3. Friendship – I think part of being independent is something I’ve developed over the years because I’ve seen so many friendships come and go. It is hard enough for introverts to let people in but it is especially hard to get close to people, to be vulnerable, to really share your heart when you know from experience that the odds are great that it will not last. Life is always changing. Jefferson City is a community where so many come for a short time and then they move on. And that is how I think I’ve approached a lot of friendships subconsciously. Guarded so that I’ll be ready to move on with minimal causality when the time comes. I’m realizing just how much beauty I’ve missed by approaching relationships this way. During the past two weeks, my amazing friends have reached out to me and have been there. And with my gratitude up and my independence down, I’ve been able to just relish the joy and gift of friends and relationships. Random texts to check in on me. Late night deck conversations that did more to lift my spirit than any drug (legal or illegal). And so …. 🙂 I’m just so blessed with many wonderful people in my life and I want to be that some kind of wonderful friend to them.
Bad times or painful experiences are a part of life. Many of them are out of our control.
What we do have control over is how we respond to them and what we are willing to learn from them. I want to learn. I want to live life to the fullest that God dreams for me which I can’t even begin to imagine. His dreams for me far exceed anything I could ever conjure up. The only requirement that God asks of me is to leap. Don’t be afraid, Melissa. LEAP!
I want to leave you with these challenging words from none other than my hero, Brennan Manning. May they inspire you to leap as well.

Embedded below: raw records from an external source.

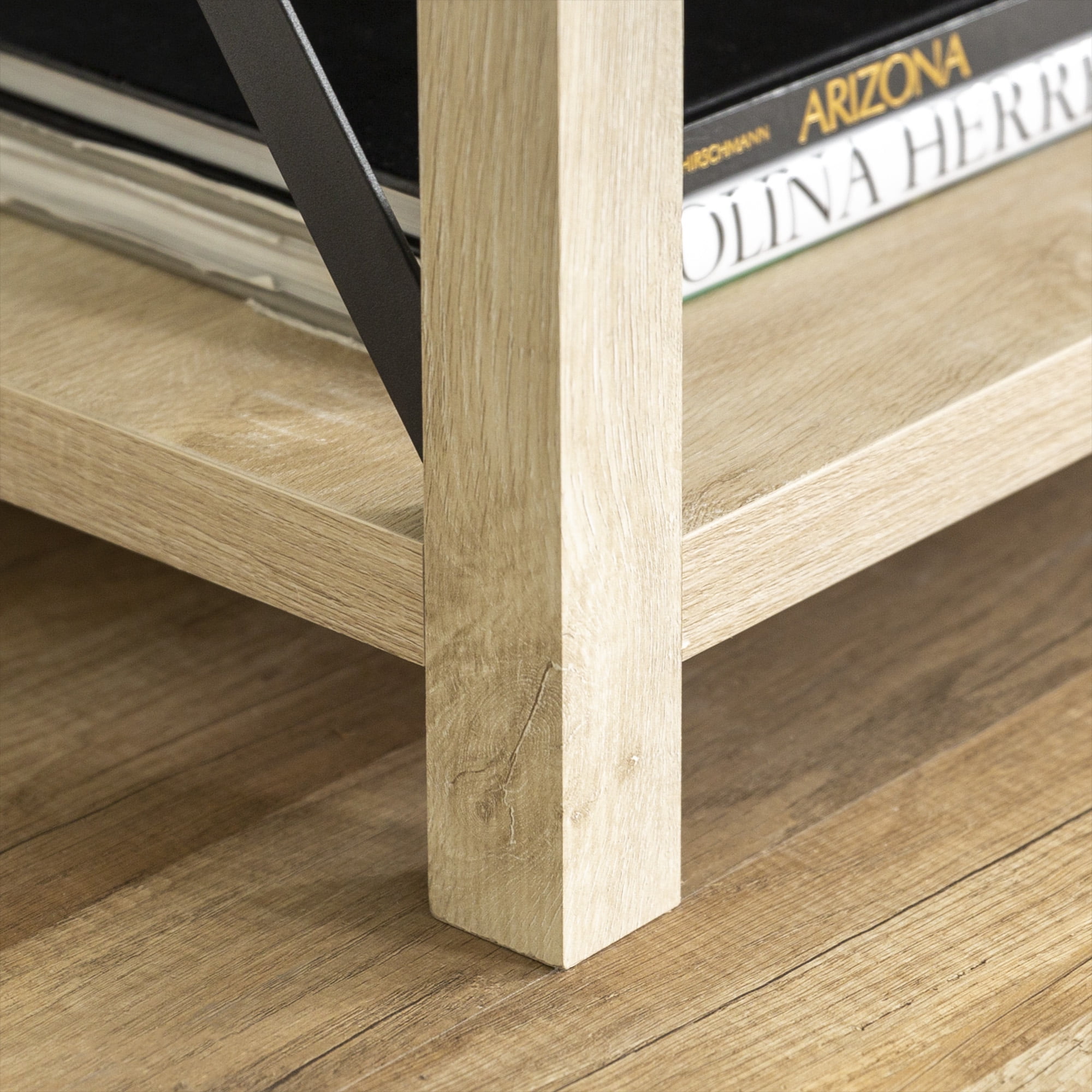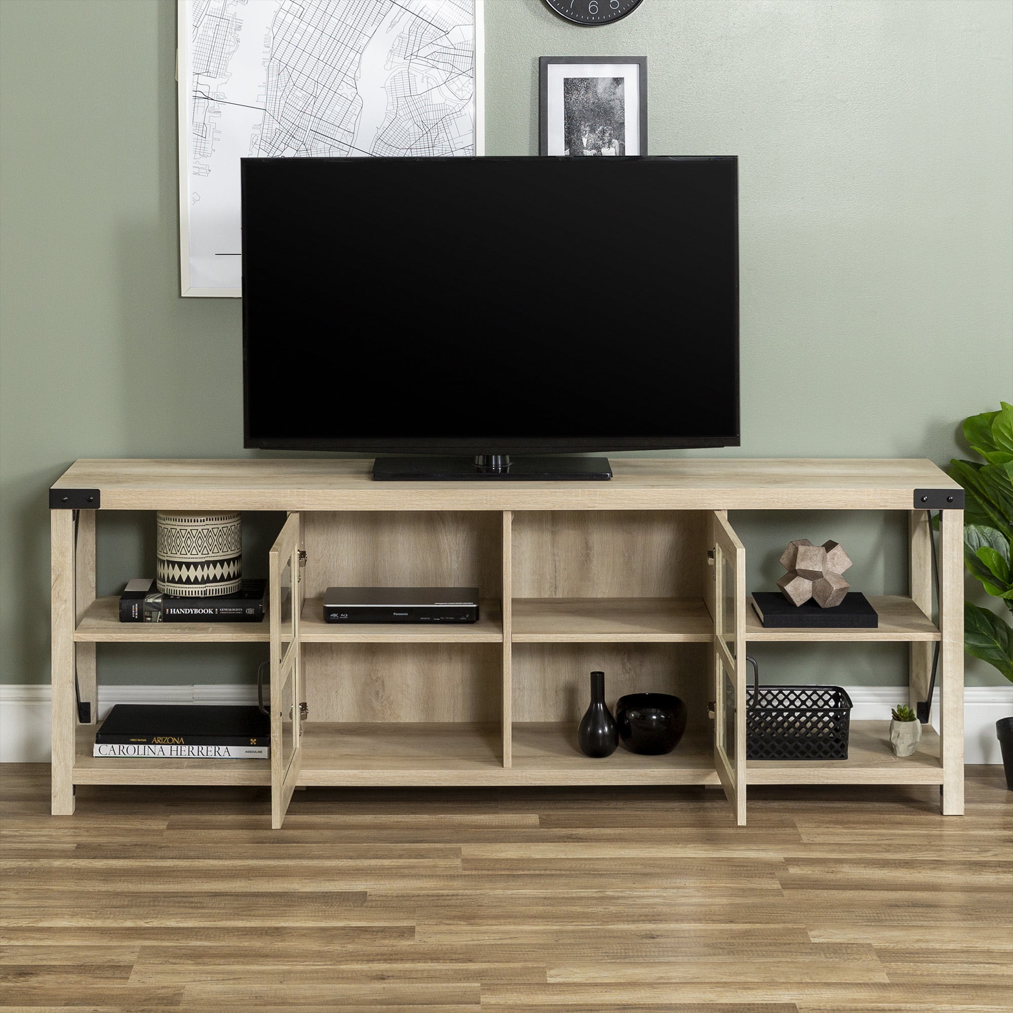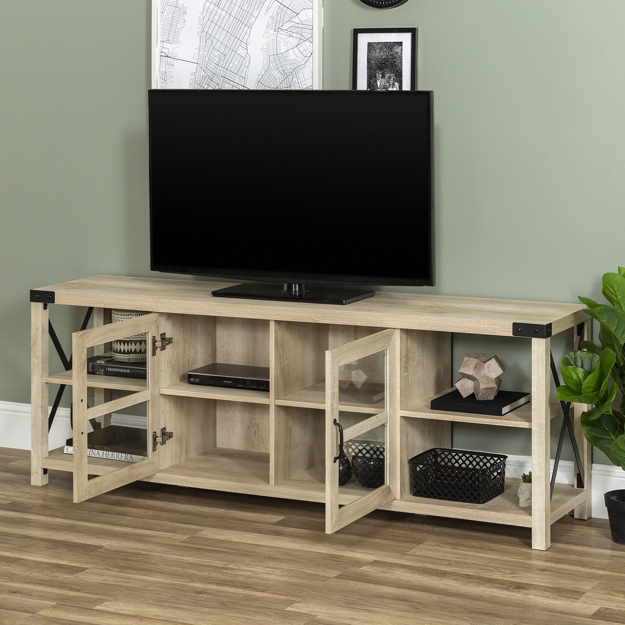 Woven Paths Farmhouse 2-Door Metal X TV Stand for TVs up to 80″, White Oak: Industrial-farmhouse-style TV stand with soft-close hinges Open and closed storage options 2 tempered glass doors Perfect for living rooms, bedrooms, offices, or media rooms Includes cord management options Dimensions: 25″H x 70″L x 16″W Supports up to 250 lbs Pair with other items from the Woven Paths collection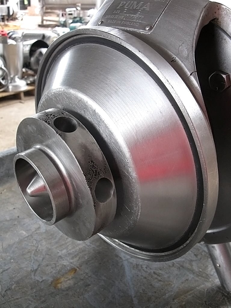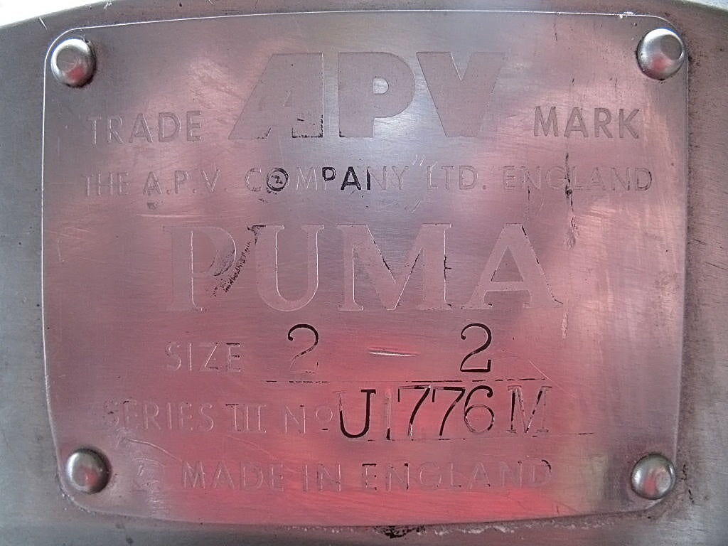 APV Puma Centrifugal Pump. Model: III. S/N: U1776M. Size: 2-2. Impeller diameter: 5 in. Inlet: (1) 2 in. dia. ACME fitting. Outlet: (1) 2 in. dia. ACME fitting. Overall dimensions: 2 ft. 4-1/2 in. L x 1 ft. 1/2 in. W x 1 ft. 4 in. H.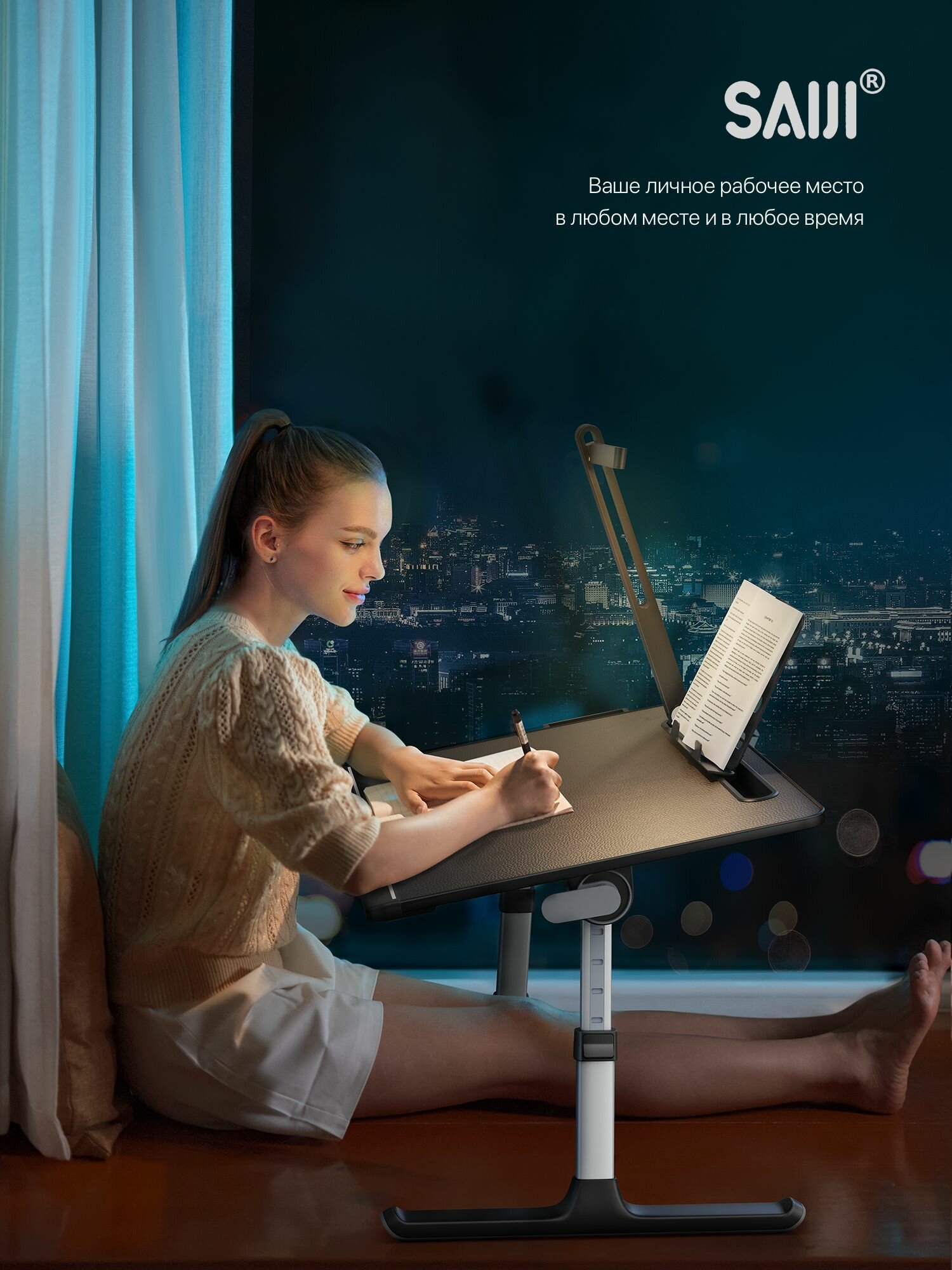 Отзывы на Столик для ноутбука в кровать складной с беспроводной лампой, черный, МДФ, SAIJI Ultra 8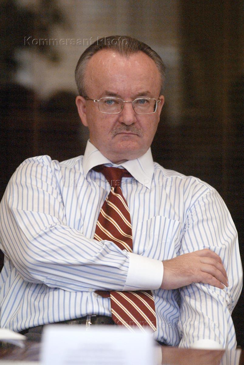 Alexander Karlashov, EvrazHolding's corporate and external relations manager, takes part in a press conference.
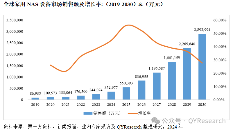 近几年随着流媒体、个人存储需求不断增加,NAS逐渐从企业、极客圈走向大众市场。市场调研机构恒州博智(QYResearch)统计数据显示,2023年全球家用NAS设备市场规模为24.4亿元,预计2030年将达到289.3亿元,年均复合增长率41.99%。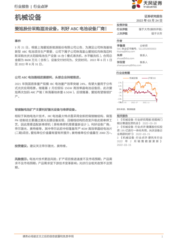 【天风证券】【20220324】机械设备行业点评:爱旭股份采购湿法设备,利好ABC电池设备厂商!-2页 行业研究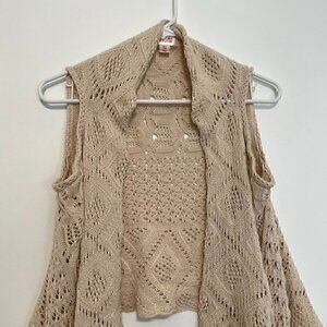 MOSSIMO SUPPLY CO Cream Beige Knit Crochet Open Cotton Sleeveless Sweater / Vest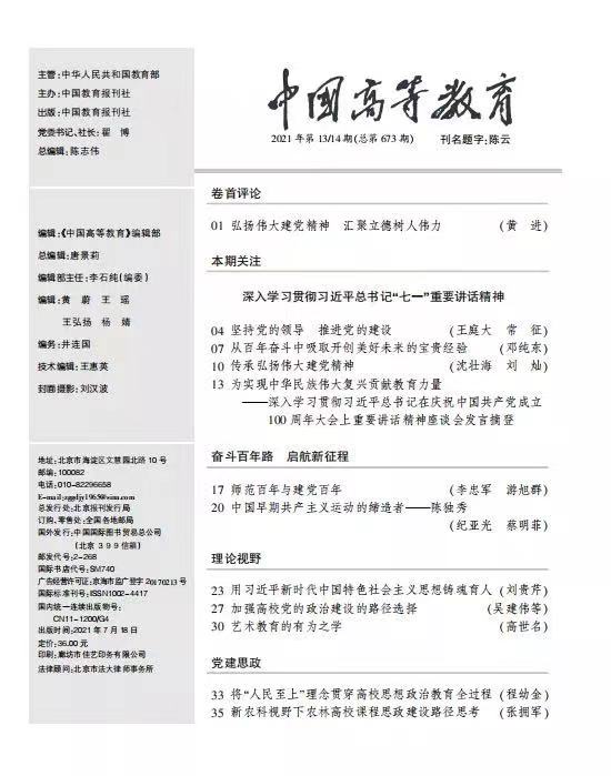 师大新闻网讯 近日,《中国高等教育》杂志2021年第13/14期刊发我校党委书记李忠军、校长游旭群共同署名文章《师范百年与建党百年》。文章阐释了师范教育的兴起为马克思主义在中国的传播和中国共产党创建所需思想条件和组织条件的形成作出重要贡献。表明在党的坚强领导下,中国师范教育不断得到革命性改造,始终服务伟大革命事业,担承构筑民族伟大复兴教育之基的重任,并在肩负迈向新时代建成教育强国新使命过程中走向新辉煌。

“The unaffected heart is one of the dark mysteries of human existence. It beats dispassionately in human beings with lazy minds, listless attitudes, unused talents, and buried hopes. …. they never seem to get beneath the surface of their lives. They die before they ever learn to live. Years wasted in vain regrets, energies dissipated in haphazard relationships and projects, emotions blunted, passive before whatever experiences the day brings, they are like snoring sleepers who resent having their peace disturbed. Their existential mistrust of God, the world, and even themselves underlies their inability to make a passionate commitment to anyone or anything. Paradoxically, we attain self-awareness, not by self-analysis, but by the leap of commitment. According to Viktor Frankl, a person finds identity only to the extent that ‘he commits himself to something beyond himself, to a cause greater than himself.’ The meaning of our lives emerges in the surrender of ourselves to an adventure of becoming who we are not yet.“
I’m gratefully surrendering myself to the adventure of becoming who I am not yet. And I’m so grateful to the people in my life who I get to live that adventure with and who allow me to be a part of their own adventure as well.